Biden Close to Nominating Davidson to Head NTIA
The Biden administration is working behind the scenes on plans to name Mozilla Foundation Senior Adviser Alan Davidson its nominee for NTIA administrator, former government officials and communications sector lobbyists told us. The White House is facing increased pressure to quickly fill the post since the agency is on course to administer the bulk of $65 billion in broadband money if Congress enacts an infrastructure spending package that a bipartisan Senate group formally filed Sunday. Senate Commerce Committee ranking member Roger Wicker, R-Miss., swiftly filed amendments aimed at addressing anti-digital redlining and consumer protection provisions in the broadband title he sees as a potential back door to rate regulation, as expected (see 2107300054).
Davidson’s prenomination paperwork has been processing for weeks, but it’s unclear when Biden will formally nominate him, lobbyists said. Davidson emerged as a contender to lead NTIA last month (see 2107090063). He was previously Mozilla vice president-global policy, Commerce Department digital economy director 2015-17, and Google's first U.S. public policy director. Davidson was involved in Mozilla’s unsuccessful legal challenge to FCC repeal of its earlier net neutrality order (see 2007070012). The White House, NTIA and Davidson didn't comment Monday.
The American Economic Liberties Project, Demand Progress and 20 other groups wrote President Joe Biden Sunday urging him to nominate an NTIA administrator, a third FCC Democrat, Patent and Trademark Office director and other officials to overcome “stiff resistance and intense lobbying” from major tech companies to efforts to revamp U.S. antitrust enforcement. Those nominations should “continue in the pattern” of Biden’s naming of Jonathan Kanter as his pick to lead DOJ’s Antitrust Division (see 2107200070) “by choosing the public interest in real reform and aggressive antitrust enforcement” over tech companies’ “interest in extending the status quo indefinitely,” the groups said.

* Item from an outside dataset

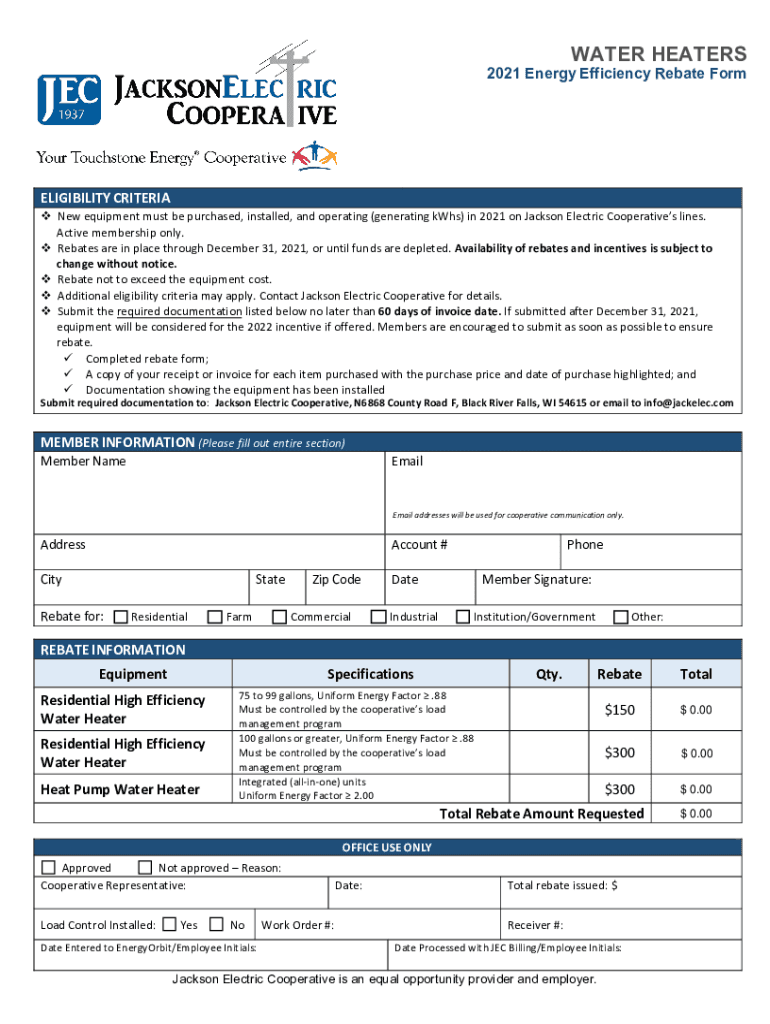 WATER HEATERS2021 Energy Efficiency Rebate FormELIGIBILITY CRITERIA New equipment must be purchased, installed, and operating (generating kWh's) in 2021 on Jackson Electric Cooperatives lines. Active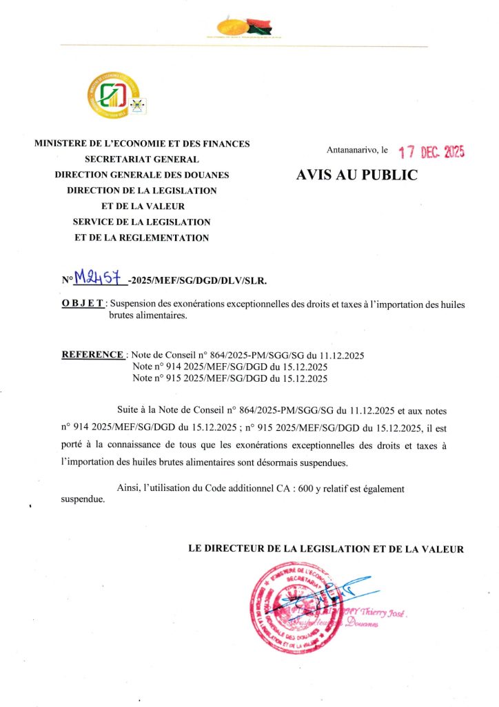 Suspension des exonérations exceptionnelles des droits et taxes à l’importation des huiles brutes alimentaires

The broadband language in the Infrastructure Investment and Jobs Act, filed as a substitute amendment for infrastructure shell bill HR-3684, changes some funding allocations. $42.5 billion would go to the proposed NTIA Broadband Equity, Access and Deployment grants program, up from the $40 billion in previous drafts. The proposed extension of the FCC emergency broadband benefit, renamed as the Affordable Connectivity Fund, would get $14.2 billion. Digital equity and inclusion would get $2.75 billion, up from $1.31 billion. There’s almost $2.1 billion for Agriculture Department rural broadband programs and $2 billion for NTIA’s Tribal Broadband Connectivity Fund. The measure increases the amount for NTIA middle-mile grants to $1 billion for FY 2022-26, a move sought by Senate Commerce Chair Maria Cantwell, D-Wash.
Wicker filed amendments to pare back the bill’s affordability, pricing transparency and redlining provisions because those sections largely mirror what was included in drafts that circulated last week (see 2107290061), lobbyists said. One Wicker amendment proposes adding language barring federal entities from using the broadband title “to regulate the rates charged.” Another Wicker proposal would completely eliminate a requirement that the FCC issue rules within two years “to facilitate equal access” to broadband. It would instead direct a notice of inquiry “examining obstacles to equal access” to broadband services.
Wicker proposes to completely strike a section extending FCC spectrum auction authority and authorizing the commission to auction spectrum on the 3.1-3.45 GHz band. The current bill would require the Transportation Department and NTIA to jointly audit DOT’s current spectrum allocations, including any frequencies it’s currently using. Another section would direct the National Highway Traffic Safety Administration to write a report analyzing “the extent to which applications supporting vulnerable road users can be accommodated within existing spectrum allocations for connected vehicle systems.”
Other amendments from Wicker and Communications Subcommittee ranking member John Thune, R-S.D., propose additional policy language. Thune proposes adding in his Telecommunications Skilled Workforce Act (S-163). The Senate was set to vote on the amendment Monday night. Wicker wants to allocate $5 billion to an NTIA broadcast internet and public broadcasting grants program for broadcasters to upgrade equipment so they can deliver services using ATSC 3.0 and enable deployment of distributed transmission systems.
Wicker wants to allocate $30 million to create within NTIA’s Institute for Telecommunication Sciences an “applied research open network architecture test bed” for open radio access network, virtualized RAN and “cloud native technologies that replicate” telecom hardware as “software-based virtual network elements.” He proposes inserting the text of his Improving Minority Participation and Careers in Telecommunications Act (S-996), which would give $100 million to historically Black, tribal and minority-serving colleges and universities to develop telecom sector job training.